* [Saved entries]

- - - - -

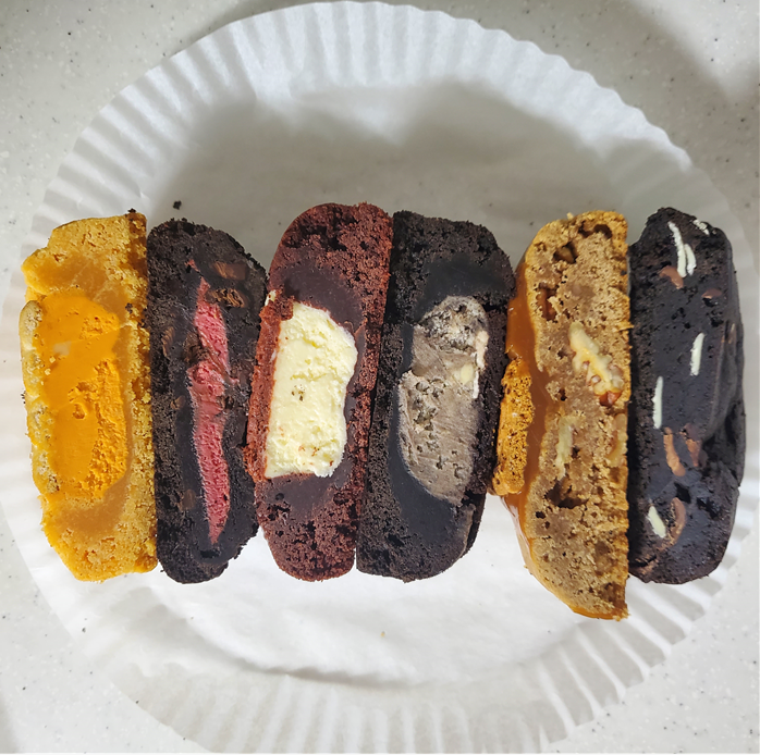 순서대로 황치즈, 레드벨벳, 트리플 카카오, 오레오 크림치즈, 솔티드 로투스, 순경이의 실수(돼지바)입니다. ㅎ 사진만 봐도 코가 달달한 것 같네요!ㅎㅎ (사실 진짜 옆에 간식이 있어요..ㅎㅎㅎ)
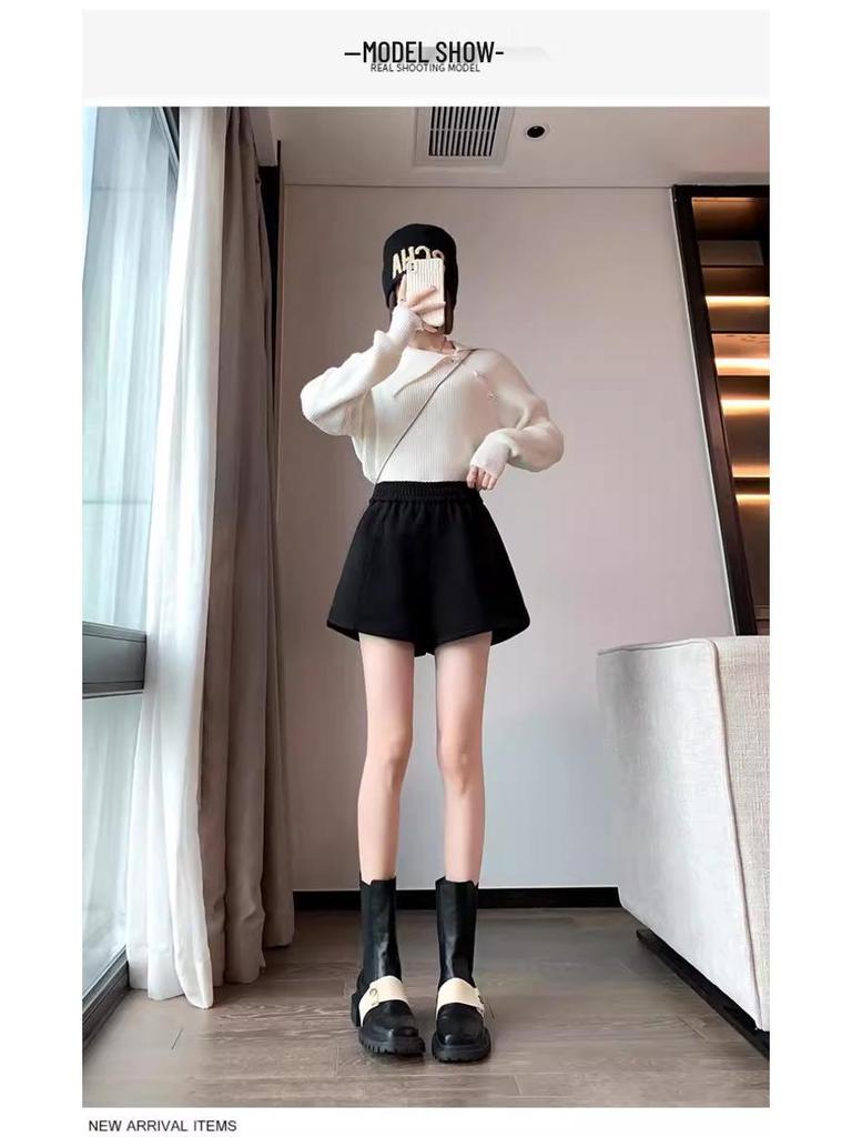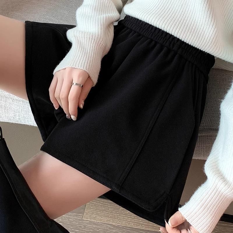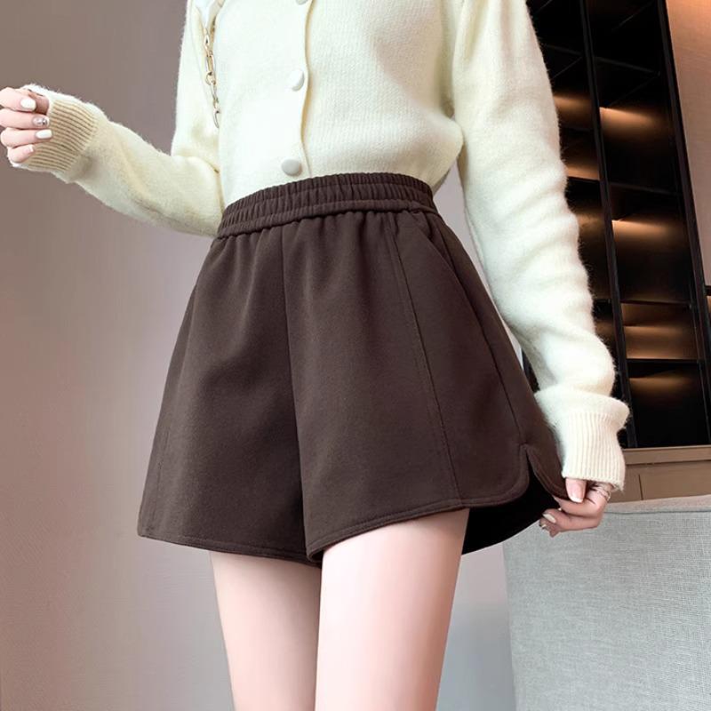 Женские шерстяные шорты А-силуэта на резинке - Осень/Зима 2024, Универсальные свободные буткаты для стройнящего повседневного образа
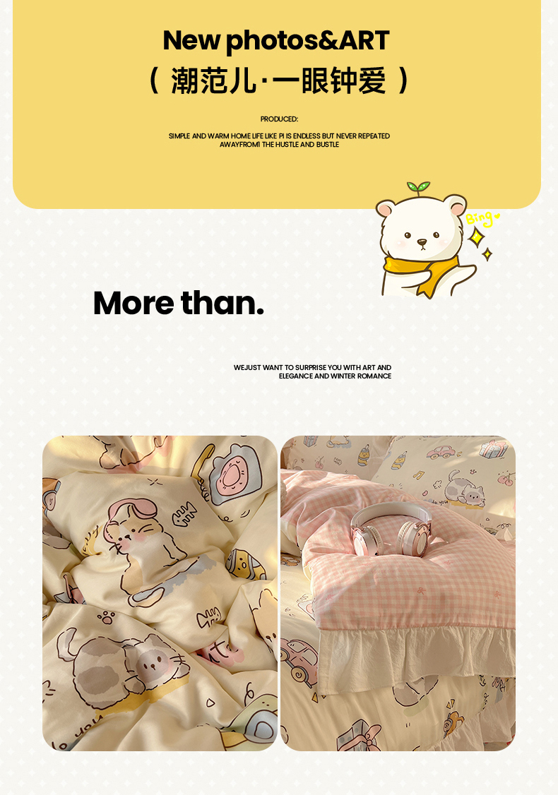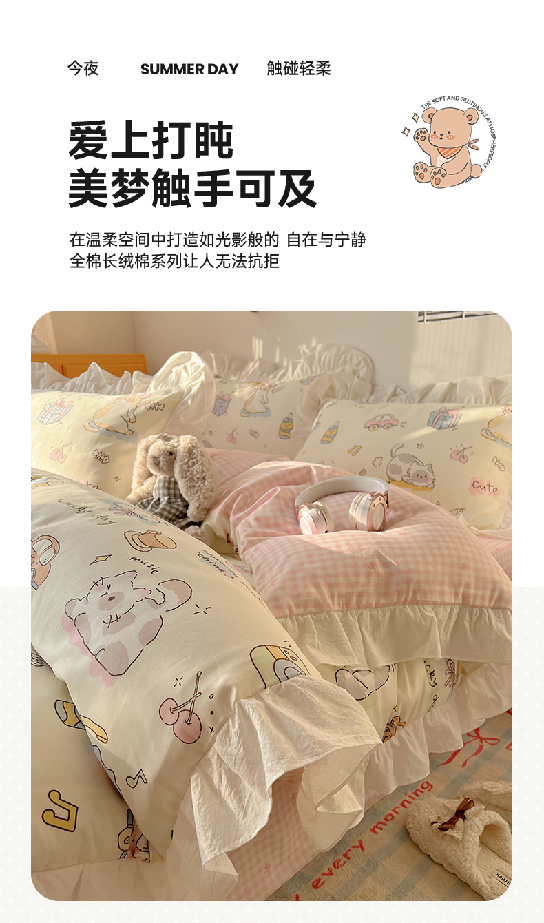 (总)六巷胡同 2025新款INS卡通童趣混搭风全棉四件套第二系,混搭-蛋糕围兜熊,混搭-奶油酣睡熊,混搭-奈斯羞羞狗,混搭-小蓝格甜点,混搭-雪糕哈皮熊,混搭-月亮睡睡熊
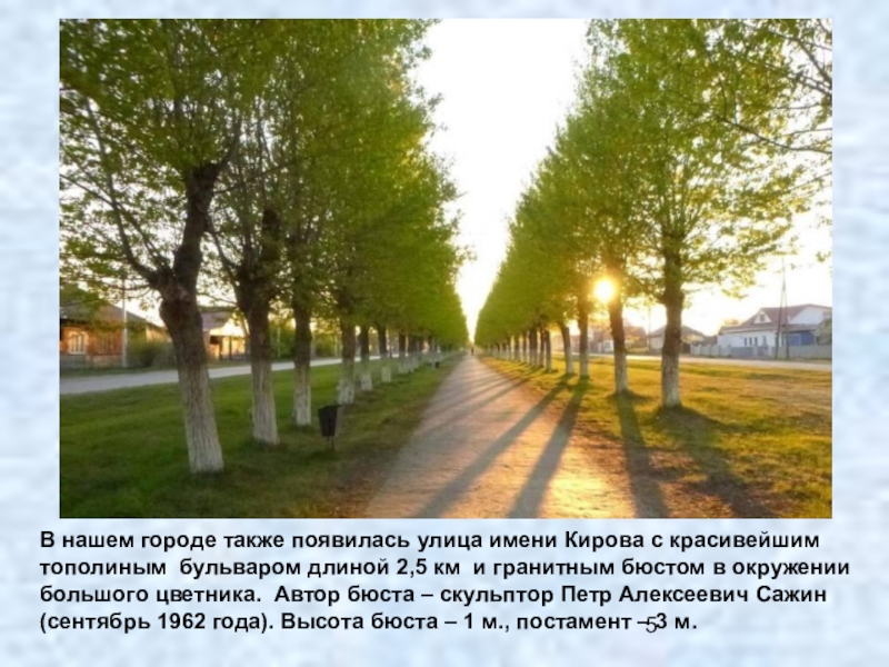 Слайд 5В нашем городе также появилась улица имени Кирова с красивейшим тополиным
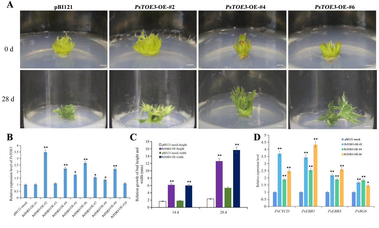 图1 牡丹芽中超表达PsTOE3促进了芽休眠解除及萌动
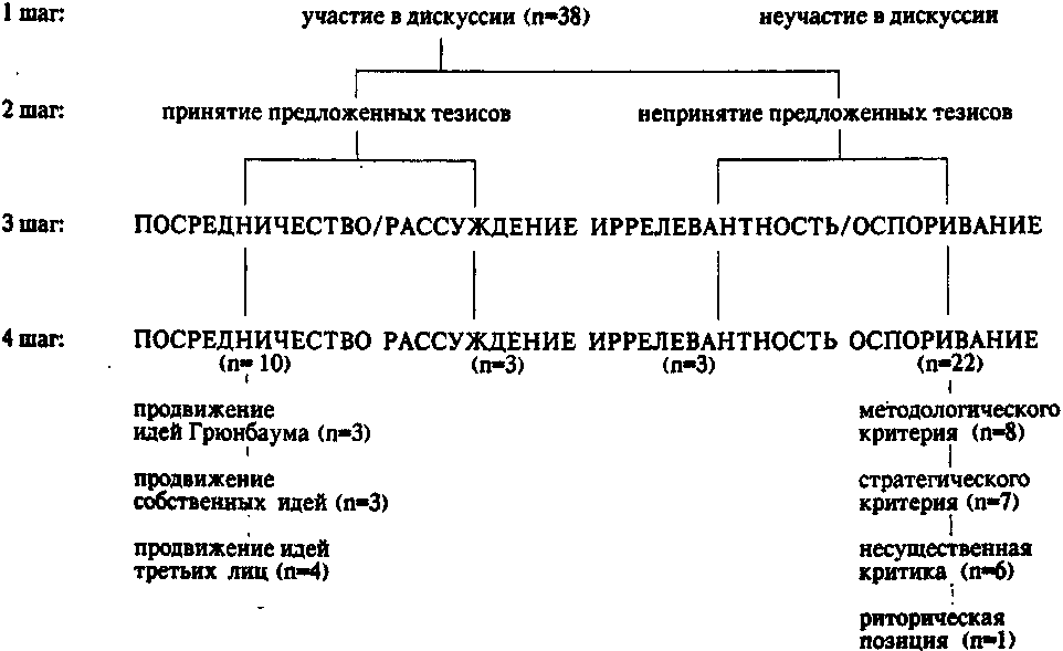 На первом мы проводим различие между участием и неучастием человека в дискуссии. Неучаствующие исключались из анализа; мы думаем, однако, что факт неучастия подлежит оценке. В нашем случае Грюнбаум интерпретирует неучастие Хабермаса и Рикера как значимое и агрессивное действие оппонентов.
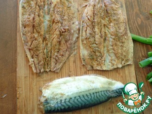 • Разделать скумбрию на филе, убрать все косточки. Ароматизировать филе приправой и посолить. Оставить мариноваться на 30 минут.
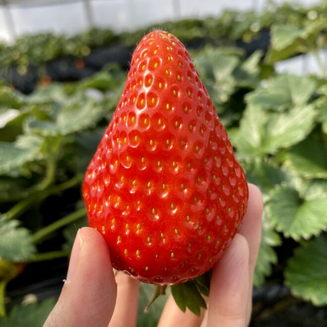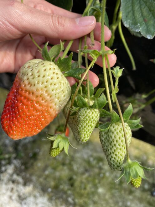 また、一般的にイチゴは先端に行くほど甘くなります。先端から形成され赤くなるのも先端からだからです。
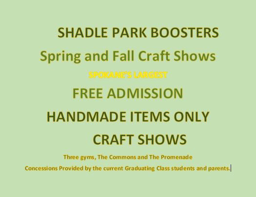 Please follow us on Facebook under: Shadle Park Boosters AND Shadle Park Booster Craft Show for updates and announcements and check our website www.shadleparkboosters.com for all of our fundraising events.
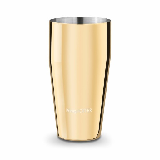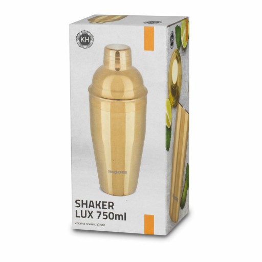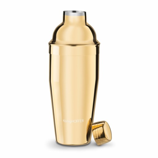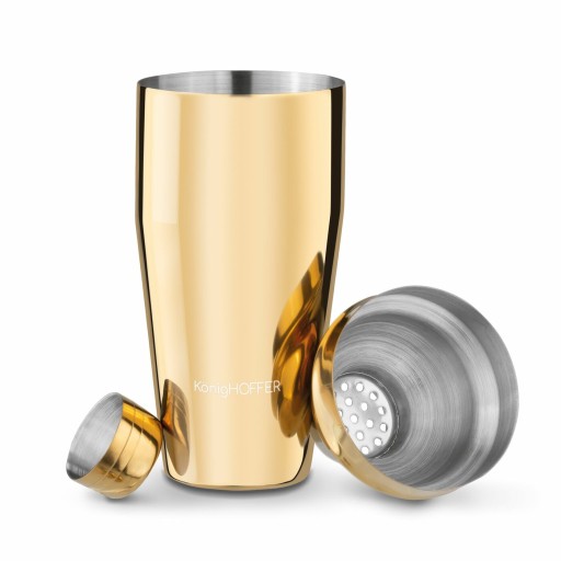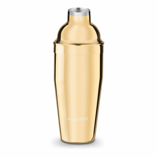 Shaker Konighoffer Lux 750 ml jest nierdzewny i malowany na złoto. Jego powierzchnia ma błyszczące wykończenie. Produkt ten składa się z trzech części – pojemnika o ergonomicznym kształcie, pokrywki zapewniającej szczelność shakera i sitka. Funkcjonalność i jakość wykonania stoją na poziomie modeli używanych przez barmanów. Shaker ze stali szlachetnej przyda się na każdym przyjęciu lub podczas relaksującego wieczoru ze znajomymi. Atrakcyjna pojemność pozwoli ci na oszczędność czasu podczas przygotowywania wielu drinków i fantazyjnych napojów na każdą porę roku.

- - - - -

* [What the task asks]
Would you mind returning each entry above word for word, skipping the images?

* [Task answer]
 순서대로 황치즈, 레드벨벳, 트리플 카카오, 오레오 크림치즈, 솔티드 로투스, 순경이의 실수(돼지바)입니다. ㅎ 사진만 봐도 코가 달달한 것 같네요!ㅎㅎ (사실 진짜 옆에 간식이 있어요..ㅎㅎㅎ)
 Женские шерстяные шорты А-силуэта на резинке - Осень/Зима 2024, Универсальные свободные буткаты для стройнящего повседневного образа
 (总)六巷胡同 2025新款INS卡通童趣混搭风全棉四件套第二系,混搭-蛋糕围兜熊,混搭-奶油酣睡熊,混搭-奈斯羞羞狗,混搭-小蓝格甜点,混搭-雪糕哈皮熊,混搭-月亮睡睡熊
 Слайд 5В нашем городе также появилась улица имени Кирова с красивейшим тополиным
 图1 牡丹芽中超表达PsTOE3促进了芽休眠解除及萌动
 На первом мы проводим различие между участием и неучастием человека в дискуссии. Неучаствующие исключались из анализа; мы думаем, однако, что факт неучастия подлежит оценке. В нашем случае Грюнбаум интерпретирует неучастие Хабермаса и Рикера как значимое и агрессивное действие оппонентов.
 • Разделать скумбрию на филе, убрать все косточки. Ароматизировать филе приправой и посолить. Оставить мариноваться на 30 минут.
 また、一般的にイチゴは先端に行くほど甘くなります。先端から形成され赤くなるのも先端からだからです。
 Please follow us on Facebook under: Shadle Park Boosters AND Shadle Park Booster Craft Show for updates and announcements and check our website www.shadleparkboosters.com for all of our fundraising events.
 Shaker Konighoffer Lux 750 ml jest nierdzewny i malowany na złoto. Jego powierzchnia ma błyszczące wykończenie. Produkt ten składa się z trzech części – pojemnika o ergonomicznym kształcie, pokrywki zapewniającej szczelność shakera i sitka. Funkcjonalność i jakość wykonania stoją na poziomie modeli używanych przez barmanów. Shaker ze stali szlachetnej przyda się na każdym przyjęciu lub podczas relaksującego wieczoru ze znajomymi. Atrakcyjna pojemność pozwoli ci na oszczędność czasu podczas przygotowywania wielu drinków i fantazyjnych napojów na każdą porę roku.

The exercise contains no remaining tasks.